"States Grapple With Same-Sex Marriage Rulings Via Bills, Ballots and the Bench" PBS Newshour 8/20/2013
Excerpt
RAY SUAREZ (Newshour): The June decisions on the Defense of Marriage Act and California's Proposition 8 didn't end the debate over gay marriage. The issue is still on the docket in courthouses in New Jersey, Pennsylvania and elsewhere, up for debate in state legislatures, and on the ballot.
For an update, we turn to John Eastman, a Chapman University Law School professor and chairman of board of the National Organization for Marriage, and James Esseks, the director of the Gay, Lesbian, Bisexual and Transgender and AIDS Project at the American Civil Liberties Union.
James Esseks, did the twin decisions of the Supreme Court on DOMA and Prop 8 change the legal strategy, change the landscape that faces both pro-legalization and anti-legalization forces?
JAMES ESSEKS, American Civil Liberties Union: Well, it didn't change the doctrine or the strategy.
What it does -- but it reinforces what we're already doing. That is, we have gotten to the place we're at right now, which is 13 states plus the District of Columbia, that allow same-sex couples the freedom to marry, through three different means.

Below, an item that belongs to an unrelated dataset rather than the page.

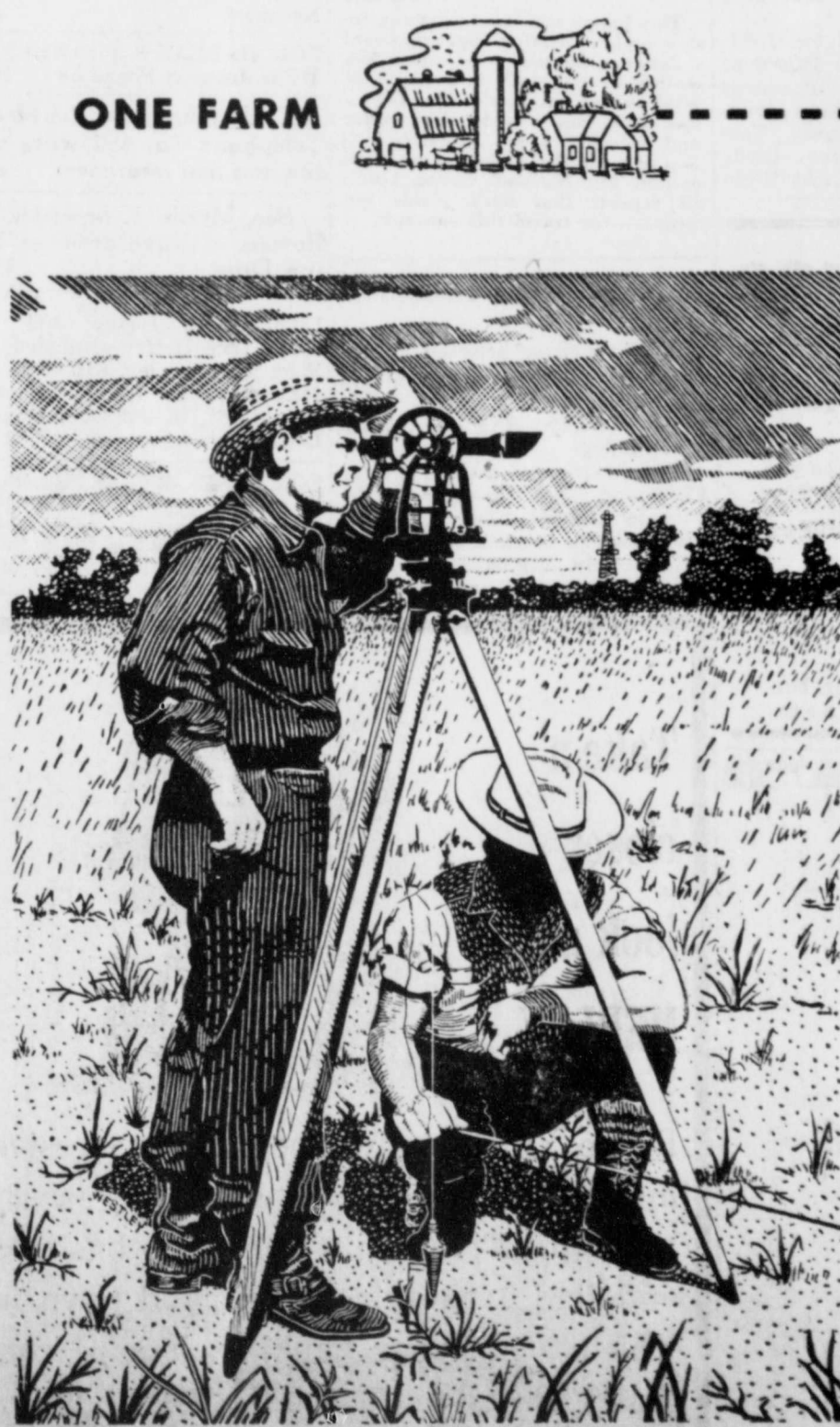
United Gas survey crew lays out a right-of-way for a new United Gas pipe line.

We have got it through some court decisions. A bunch of state legislatures, seven state legislatures passed those bills. And then the people voted for the freedom to marry last fall at the ballot in three states. And our way forward is really more of the same. We're going to go to the state legislatures. We're going to go to the ballot and where appropriate we're going to go to court.